# Calculating the Center of Mass of a 2D Array

QUESTION: Can you show me how to calculate the center of mass or centroid of a 2D array?

ANSWER: Thanks to David Foster at UCSD for this algorithm. You can use this Centroid program to return a two-element array containing the center of mass of a 2D array. The program code is extremely simple.
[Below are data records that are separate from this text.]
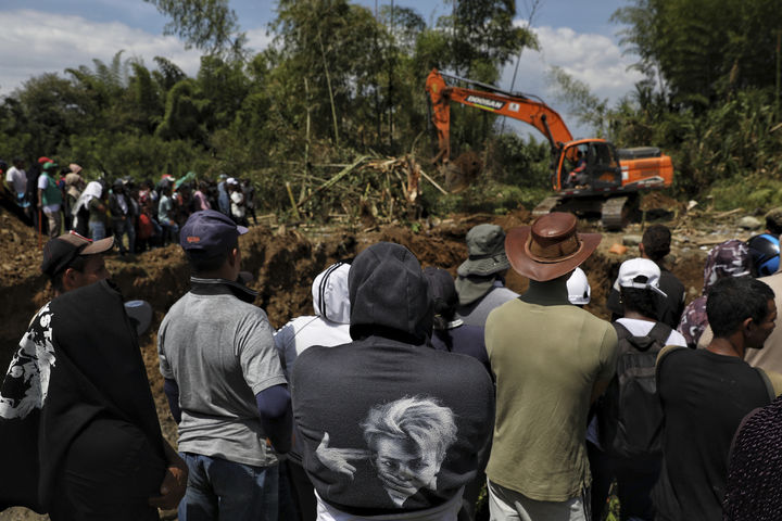 [산탄데르 데 킬리차오=AP/뉴시스] 12일(현지 시간) 콜롬비아 카우카주 산탄데르 데 킬리차오에서 불법 금광 붕괴로 매몰된 광부들의 친인척들이 수색 작업을 지켜보고 있다. 지난 11일 밤 발생한 산사태로 갱도가 막히면서 광부 7명이 갇혔으며 이들의 생사는 확인되지 않았다. 2025.09.13.
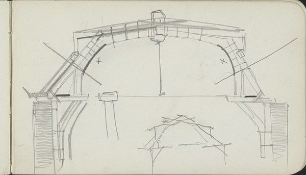 Editor: This is Carel Adolph Lion Cachet's "Gewelf van een kerk," or "Vault of a Church," created between 1905 and 1906. It’s a drawing in graphite and pen on paper, currently held in the Rijksmuseum. It feels like a preliminary sketch, capturing a grand architectural space with these quick lines and shading. What strikes you when you look at it? Curator: What immediately catches my eye is how the artist uses such spare lines to suggest immense weight and volume. We aren't just seeing a vault; we're feeling the accumulated history held within these architectural forms. Think about the symbolism inherent in church architecture itself – the upward reaching lines aspiring to the divine, the enclosed space offering sanctuary. Does the incompleteness of the sketch alter your perception? Editor: I think it almost emphasizes the feeling of it being a personal reflection or study. Because it isn’t fully rendered, it feels less like a presentation and more like an exploration of an idea. Curator: Precisely. Consider how arches have been used throughout history, not only structurally but also symbolically. They represent connection, transition, and even triumph, from Roman aqueducts to Gothic cathedrals. This sketch, though simple, participates in that long visual and cultural dialogue. Do you sense any specific stylistic influences? Editor: I'm not sure. Maybe some aspects of the Arts and Crafts movement with its focus on craftmanship, though it's definitely not as detailed or ornamental as some examples of that. Curator: An interesting observation. Perhaps the sketch suggests an interest in the underlying structure, rather than decorative embellishment. The vault becomes a signifier of permanence and faith through its skeletal representation. It hints at the deeper meanings we ascribe to sacred spaces, even in a fragmented form. Editor: I hadn’t considered it in that way. It makes me think about how even an unfinished drawing can carry so much symbolic weight and cultural memory. Curator: Indeed, this seemingly simple sketch invites us to contemplate the enduring power of symbols and the narratives embedded within architectural spaces. A brief glimpse into a world of meaning.
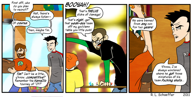 As with Ray, Shaun, and Nolan, Tim is an exaggerated version of the real Tim. Though, I will say that I’ve felt much like a whimpering child sitting on the opposite side of a HeroClix map while he dished out the punishment like Thor wielding Mjolnir.
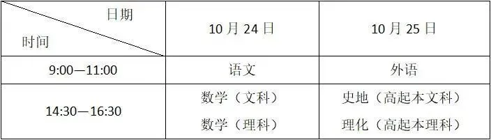 高起本、专科(高职)考试时间表

```   FUNCTION Centroid, array
s = Size(array, /Dimensions)
totalMass = Total(array)
xcm = Total( Total(array, 2) * Indgen(s[0]) ) / totalMass
ycm = Total( Total(array, 1) * Indgen(s[1]) ) / totalMass
RETURN, [xcm, ycm]
END
```

ADDENDUM: This question recently came up on the IDL newsgroup, where the questioner wanted to eventually extend this idea to a 3D array. As often happens, that led some readers to the N-dimesional case, at which time I became completely lost. :-)

So here is the discussion verbatium for those of you who are interested.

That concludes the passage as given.